Новая экономика знаний имеет большое значение для практики научно-технического развития. В теории существует возможность создания демократического глобального научного сообщества с открытым доступом к научно-техническим знаниям и практикам — от производства очень больших общих баз данных до использования инструментов Интернета распределенным научным сообществом. Есть также некоторые очень реальные трудности с реализацией этого видения. Некоторые из этих трудностей носят технический характер, некоторые — социальные и политические.
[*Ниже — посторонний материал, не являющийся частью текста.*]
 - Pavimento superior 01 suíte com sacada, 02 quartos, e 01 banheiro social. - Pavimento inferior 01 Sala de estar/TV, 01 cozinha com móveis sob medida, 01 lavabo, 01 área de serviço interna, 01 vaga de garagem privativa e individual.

За последние несколько сотен лет многие книги и статьи начинались с такой фразы: «Мы вступаем в период быстрых перемен, невообразимых нашими предками». Это утверждение так же верно и ложно, как и в предыдущие два столетия. Это правда, то, что мы как общество приспосабливаемся к совершенно новой среде коммуникации (Интернет) и новым способам хранения, манипулирования и представления информации. Сейчас мы во многом находимся в информационной среде, многие люди так или иначе привязаны к компьютерам в течение нашего рабочего дня и в наше свободное время. Но все равно мы сталкиваемся с одними и теми же старыми проблемами — доставка еды, жилья и воды для нашего населения; живя в каком-то равновесии с природой — как и всегда. Можно задать вопрос: как новая экономика знаний влияет и потенциально может повлиять на научно-техническую политику, связанную с устойчивой жизнью?
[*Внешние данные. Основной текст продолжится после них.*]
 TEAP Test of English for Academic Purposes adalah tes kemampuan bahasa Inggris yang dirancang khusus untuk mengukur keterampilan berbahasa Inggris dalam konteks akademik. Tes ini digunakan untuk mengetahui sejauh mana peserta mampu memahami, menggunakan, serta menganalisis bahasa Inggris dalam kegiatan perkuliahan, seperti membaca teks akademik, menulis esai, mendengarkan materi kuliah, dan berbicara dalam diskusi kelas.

Центральное место в новой экономике знаний занимает развитие новой информационной инфраструктуры. Когда мы думаем об инфраструктуре в здравом смысле, мы представляем то, что находится «под» фактическими структурами — железнодорожные пути, городские водопроводные и канализационные сети, электричество, дороги и автомагистрали, кабельные провода, которые соединяются с сетью вещания и передают изображения на наш телевизоры. Это то, на чем что-то еще движется или работает, своего рода платформа. Это общепринятое определение начинает распадаться, когда мы заполняем картину, и начинаем рассматривать множественные, частично совпадающие и, возможно, противоречивые инфраструктурные механизмы. Для инженера железной дороги рельсы являются только инфраструктурой, когда она пассажир. Почти каждый может щелкнуть электрическим выключателем для различных целей. Когда выключатель выходит из строя, мы вынуждены более глубоко изучить причину — сначала проверьте лампочку, затем другие приборы в той же цепи, затем посмотрите на коробку выключателя, затем посмотрите вниз на блок, чтобы увидеть, является ли он отключение электричества в районе или городе, и, наконец, в зависимости от навыков ремонта дома, стоит обратиться к электрику. Наконец, все чаще многие из нас сталкиваются с инфраструктурой, разработанной одной группой, которая может не работать для нас.
То, что когда-то было объектом разработки и дизайна, со временем погружается в инфраструктуру. Поэтому исторический, даже археологический подход к развитию инфраструктуры должен дополнять социологические, нормативные и технические исследования.
Как стандартизация, так и классификация имеют важное значение для развития рабочей инфраструктуры. Работа, проделанная в комитетах по стандартизации и в создании схем классификации, часто упускается из виду при социальном и политическом анализе научно-технической инфраструктуры, и все же она имеет решающее значение.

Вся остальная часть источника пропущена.